Anderson Cooper: why do they really call you wolf? you haven't told that story a billion times lately.
Wolf: it really has to do with i was the inspiration for that dude who takes off his shirt in those werewolf movies to the teenie yells. shhhh, Andie, he's approaching the podium.
Bom Trady: i don't know why i'm here. i mean, thank you for coming.
press corps: who wouldn't come for Bom Trady.
Bom: i'm under a lot of pressure over too little pressure. i could pay the fine, but it's important to get out here in front of the cameras and address the snarky media cos it's not about the highfalutin arrogant know-it-all media, the media is simply the conduit to my trolls and fans. i love you.
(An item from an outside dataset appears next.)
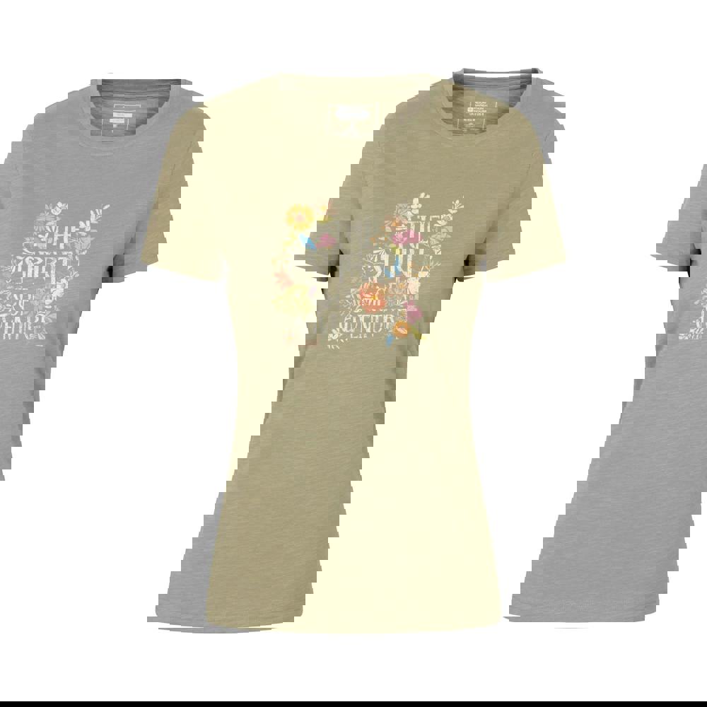 Bring a casual staple into your wardrobe with this printed T-shirt from Mountain Warehouse. Made from 100% cotton, it has a lightweight, soft feel that suits everyday wear. The khaki green base is finished with a floral print and text detail for a distinctive look.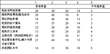 您認為融合網(wǎng)絡將怎樣使您的企業(yè)受益(現(xiàn)在或者將來)?請為每一項打1至5分,1表示非常有益,5表示不可能有益。(% 調(diào)查反饋者)

press: we love you, Bom, you are so handsome! it doesn't make sense that the first male supermodel should play football, but here you are, and the combination is ratings gold! Bom, we have to ask you this, we don't want to, but a couple of online trolls have pressured us to. the pressure in your balls, did you have anything to do with that?
Bom: my balls are fully inflated at all times, ready to burst out on the field and shower my fans in the stands with the goo of life. Gatorade doesn't fuel us, energy does. sports is a metaphor for life. i don't know the exact metaphor, something to do with money. it's a business like anything else. grown men playing a boy's game. my boys swing with the wind, very random. we quarterbacks hate the wind most of all, can't throw the damn ball, deflated or not. generally we're not a fan of the weather. science is a nuisance. anyway the wind blows.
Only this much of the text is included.